I remember discussing a similar problem with RHEL-7 kexec-tools upstream (see <http://lists.infradead.org/pipermail/kexec/2020-March/024603.html>) which was reported for a use-case targeting saving vmcore on iSCSI server.

But, I think the root-cause seems to be the same:
- Basically whenever a File System Check (fsck) starts on the underlying dump target (targeted for saving vmcore) in the kdump kernel, we have issues reported with kdump failure (either 'dracut-initqueue timeout' starts or we have a kdump failure - as you shared),

- In all such cases, if we drop to kdump shell (by specifying 'default=shell' in the kdump.conf configuration file) and manually mount the intended dump target,  the mount is successful and thereafter we can save vmcore manually on the intended dump target (as fsck was able to run in the meanwhile and the intended dump target can now be found).

So, I think adding some kind of a retry/timeout attempt while trying to find intended dump target might help and probably adding it `kdump-lib-initramfs.sh` makes more sense.

I will do some debugging and get back with a suggestion/possible fix.

Thanks,
Bhupesh

Comment 5 Steve Bonds 2020-03-16 21:12:00 UTC

It seems unlikely that the delays in my specific case are fsck-related because XFS doesn't actually do any fsck. Instead it prints a misleading error message. (See https://bugzilla.redhat.com/show_bug.cgi?id=1546294) :-)

My suggestion would be to allow systemd to retry the failed crash steps several times. This looked like a good source for how to do that:

https://stackoverflow.com/questions/39284563/how-to-set-up-a-systemd-service-to-retry-5-times-on-a-cycle-of-30-seconds

Systemd retries would cover all possible failures to make the process more resilient.

To cover my specific issue, a targeted retry of the `findmnt` commands would be a nice addition to the general retry above.

I see you marked `needinfo`. What information can I provide?

Comment 6 Bhupesh Sharma 2020-03-17 20:47:43 UTC

(In reply to Steve Bonds from comment #5)
> It seems unlikely that the delays in my specific case are fsck-related
> because XFS doesn't actually do any fsck. Instead it prints a misleading
> error message. (See https://bugzilla.redhat.com/show_bug.cgi?id=1546294) :-)

Right, in this case, it might be a misleading fsck-related debug print, but like I shared, we have had similar issues
reported with other setups - such as iSCSI setups as well.

> My suggestion would be to allow systemd to retry the failed crash steps
> several times. This looked like a good source for how to do that:
> 
> https://stackoverflow.com/questions/39284563/how-to-set-up-a-systemd-service-
> to-retry-5-times-on-a-cycle-of-30-seconds
> 
> Systemd retries would cover all possible failures to make the process more
> resilient.
> 
> To cover my specific issue, a targeted retry of the `findmnt` commands would
> be a nice addition to the general retry above.

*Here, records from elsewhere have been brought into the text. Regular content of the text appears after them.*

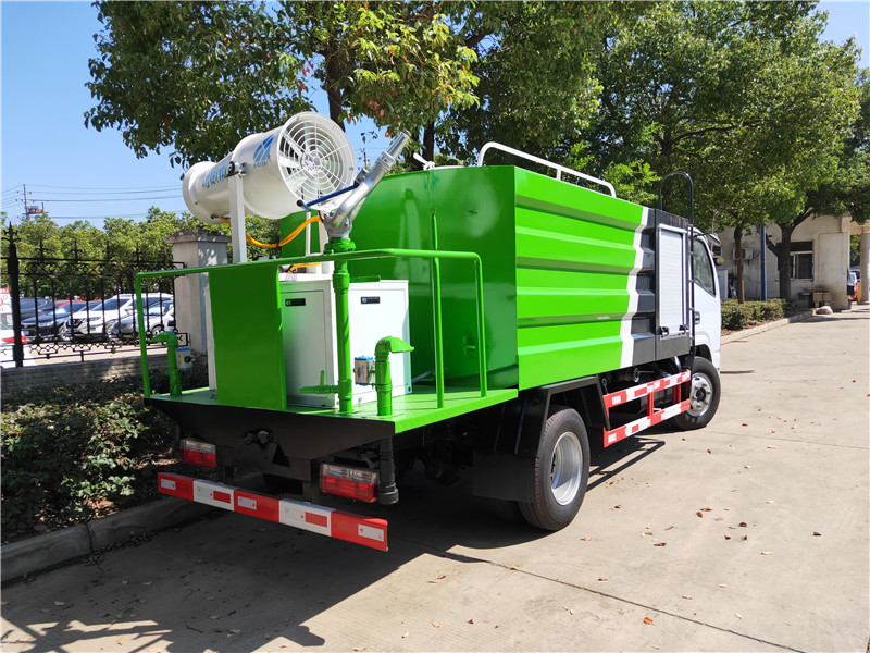 灑水車(chē)工作主要由發(fā)動(dòng)機(jī)帶動(dòng)變速箱,變速箱上安裝的取力器帶動(dòng)灑水車(chē)水泵產(chǎn)生動(dòng)力,將罐體內(nèi)部的水通過(guò)管路噴灑出去,水泵可自吸自排。可根據(jù)用戶(hù)需求選配抑塵霧炮。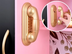 • En telefon hængt på køleskabet giver retrocharme og sjove lege muligheder.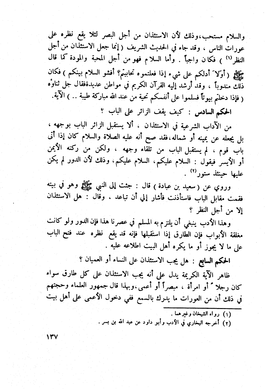الحكم السابع: هل يجب الاستئذان على النساء أو العميان؟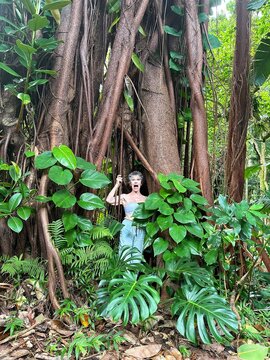 I found the sausage tree at the botanical gardens and had fun with the 30 pound, 3 foot long fruit

I think this would be a much better approach.
 
> I see you marked `needinfo`. What information can I provide?

I think the XFS related misleading error message was what I was wondering about. Thanks for clarifying the same.

I would work on a possible solution and share it shortly. Would need your help in verifying the same as I don't have a setup available right now, where this can be reproduced reliably.

Thanks.

Comment 8 Steve Bonds 2020-05-06 19:06:16 UTC

We're seeing this more and more on our Oracle Linux servers. You may hear from them since we're pursuing a solution as part of a service request there.

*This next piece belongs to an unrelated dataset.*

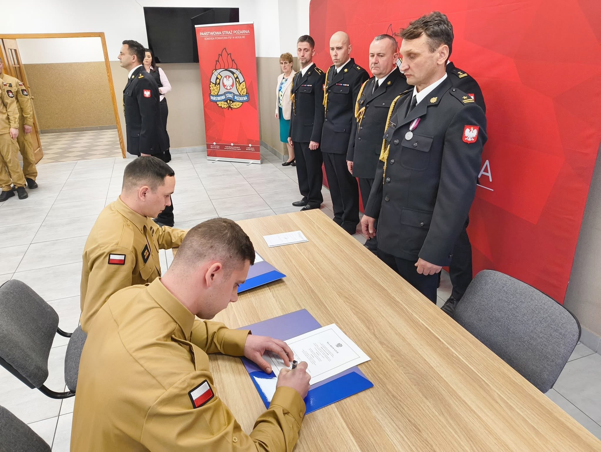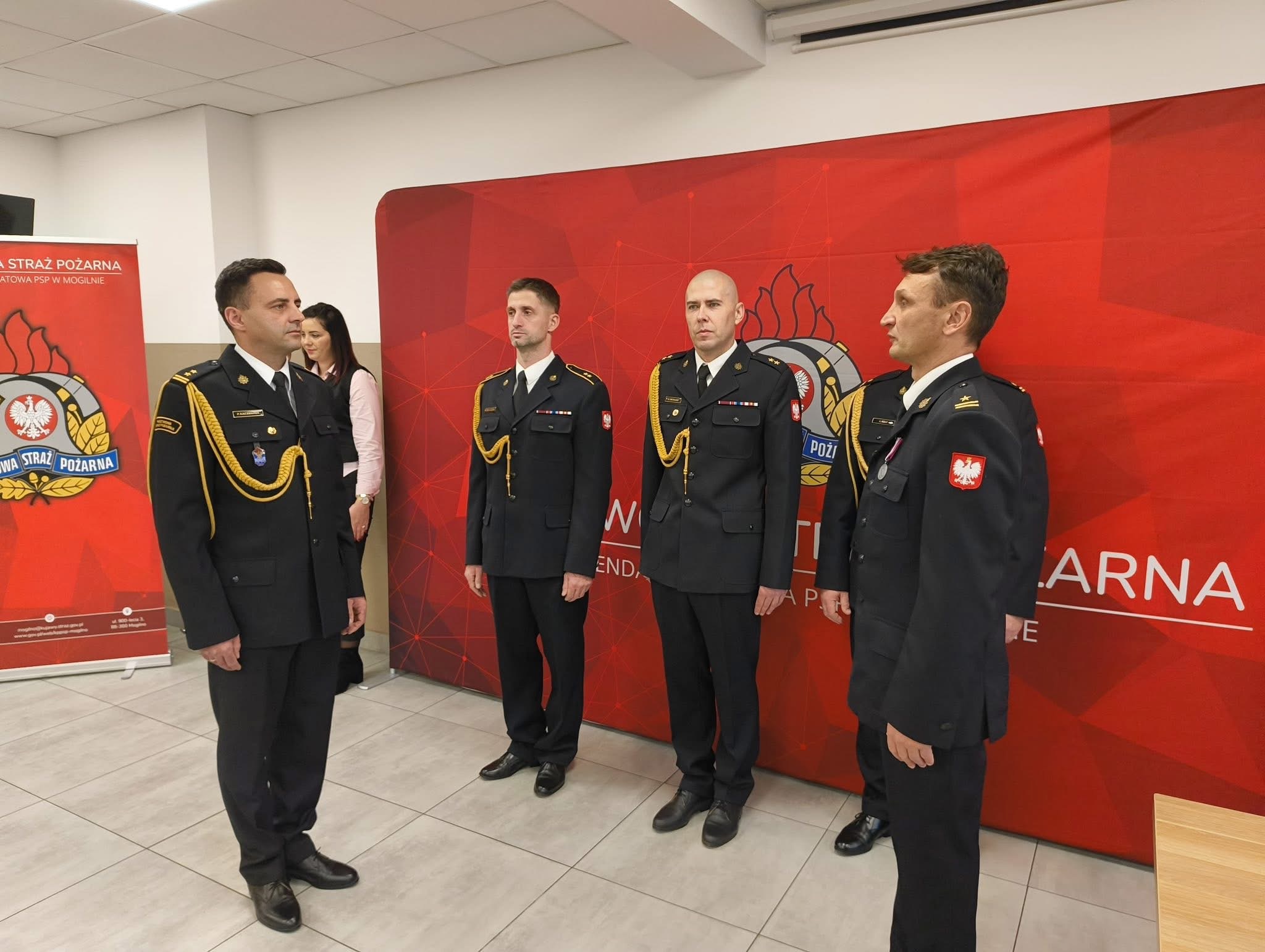 Szczególnym momentem uroczystości było złożenie ślubowania przez dwóch nowych funkcjonariuszy: str. Mateusza Baranowskiego oraz str. Michała Potockiego. Ślubowanie przyjął Komendant Powiatowy PSP w Mogilnie, mł. bryg. Krzysztof Bąk, w obecności swojego zastępcy – bryg. Łukasza Rogalskiego, Dowódcy JRG Mogilno mł. bryg. Łukasza Szulc, oraz funkcjonariuszy i pracowników cywilnych KP PSP Mogilno, podkreślając znaczenie odpowiedzialnej i wymagającej służby, jaką podejmują strażacy.

Our current workaround is the following added to /usr/lib/dracut/modules.d/99kdumpbase/kdump.sh before regenerating the kdump initrd files:

    # Avoid upstream race condition. Provide useful output to the impatient sysadmin
    for timeleft in {15..1}; do
      echo "kdump $timeleft second wait to avoid race conditions" > /dev/console
      sleep 1
    done

Based on testing from our affected servers, the mount typically completes within one or two seconds and usb settles within 7 seconds, so 15 seconds is plenty of overkill.

Comment 14 RHEL Program Management 2021-09-02 07:27:04 UTC

After evaluating this issue, there are no plans to address it further or fix it in an upcoming release.  Therefore, it is being closed.  If plans change such that this issue will be fixed in an upcoming release, then the bug can be reopened.